2. The diabetes education and training platform combining virtual scenes and AI video QR codes as described in claim 1, characterized in that, The AI ​​video generation module also includes: Knowledge graph units are used to store structured knowledge in the field of diabetes. The Natural Language Processing Unit is used to generate corresponding video scripts based on user profiles and knowledge graphs using large language models; The video generation unit is used to automatically generate personalized diabetes education videos based on the video script, combined with speech synthesis, image or animation generation technologies.

3. The diabetes education and training platform combining virtual scenes and AI video QR codes as described in claim 1, characterized in that, The virtual environment includes a virtual supermarket, a virtual kitchen, a virtual restaurant, and a virtual sports field.

4. The diabetes education and training platform combining virtual scenes and AI video QR codes as described in claim 1, characterized in that, The dynamic QR code contains a unique user identifier.

5. The diabetes education and training platform combining virtual scenes and AI video QR codes as described in claim 1, characterized in that, The multi-source user data includes users' static profile data, dynamic physiological data, and cognitive behavioral data.

6. The diabetes education and training platform combining virtual scenes and AI video QR codes as described in claim 1, characterized in that, The dynamic physiological data includes at least blood glucose monitoring data, dietary record data, and exercise data; The blood glucose monitoring data is connected to the user's blood glucose meter or smart device via API interface or Bluetooth technology.

7. The diabetes education and training platform combining virtual scenes and AI video QR codes as described in claim 1, characterized in that, The cognitive behavior data is obtained through the cognitive assessment scale embedded in the platform or through user interaction behavior data in virtual scenarios.

8. The diabetes education and training platform combining virtual scenes and AI video QR codes as described in claim 1, characterized in that, The user data collection module also includes External expansion modules are used to support the input or synchronization of other key physiological data via API interfaces or Bluetooth technology.

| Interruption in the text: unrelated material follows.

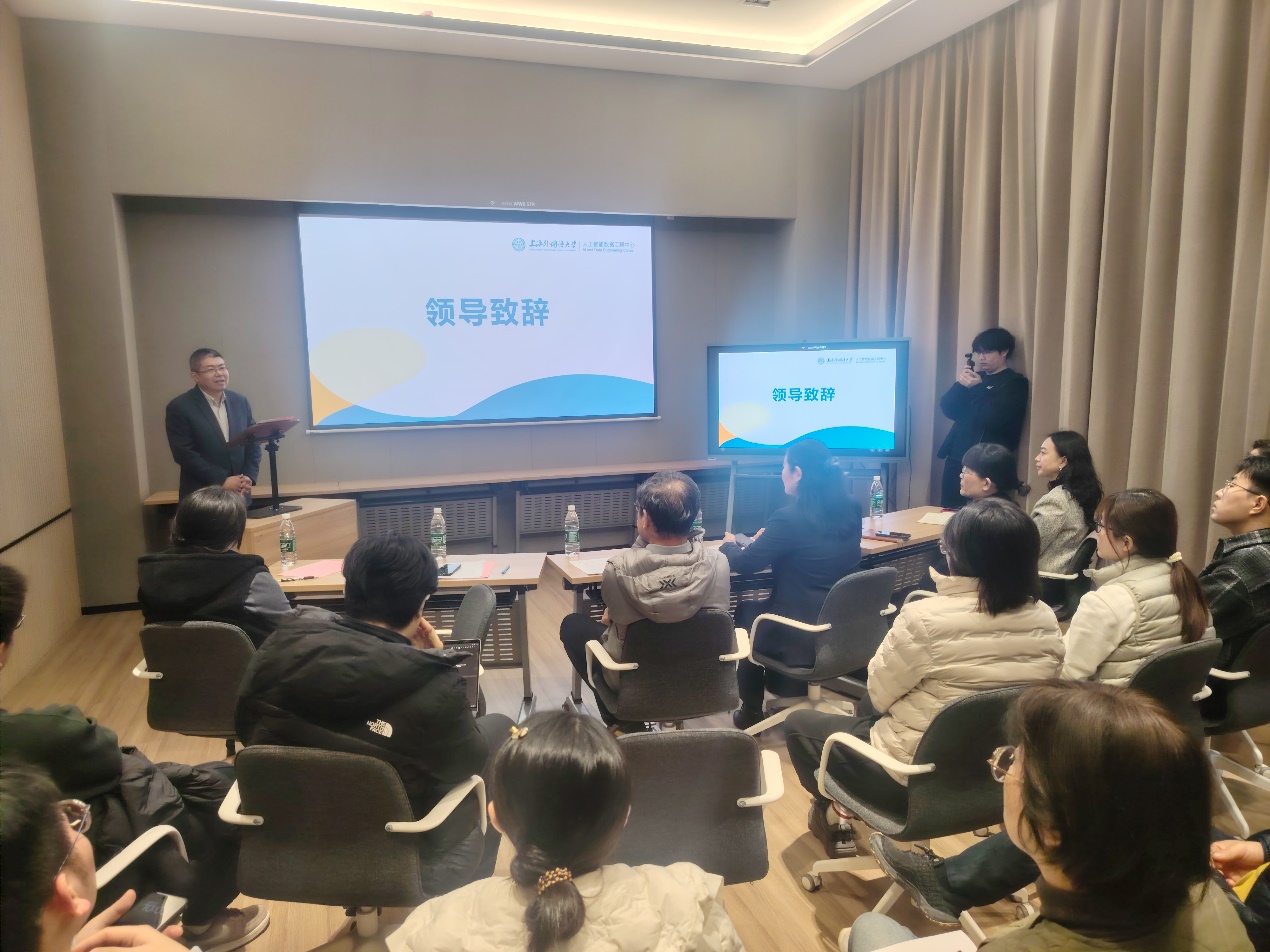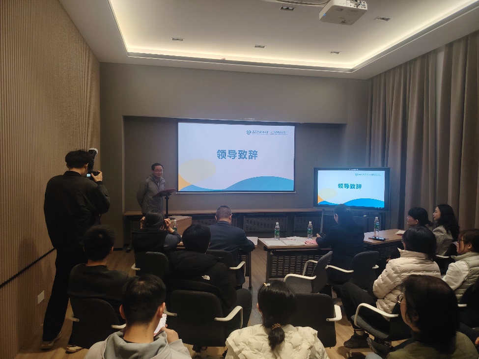 致辞环节,学校党委办公室、校长办公室主任、 数智化应用与管理工作办公室主任蒋昕宇指出,本次活动是推动AI与教育深度融合的关键一步,也是落实学校“十五五”规划和“AIM”方案的重要实践。他表示,活动将构建“真体验、真交流、真反馈”的务实生态,帮助师生系统认识智能体并掌握应用能力,培养具备全球胜任力的新时代人才。

9. The diabetes education and training platform combining virtual scenes and AI video QR codes as described in claim 1, characterized in that, The interactive behavior data in the virtual scenario interactive learning module includes, but is not limited to, selection decisions, the error rate of completing tasks, operation sequences, task completion time, and focus points.

10. The diabetes education and training platform combining virtual scenes and AI video QR codes according to claim 1, characterized in that, The learning behavior data in the real world for scanning QR codes to watch educational videos includes, but is not limited to, video completion rate and viewing frequency.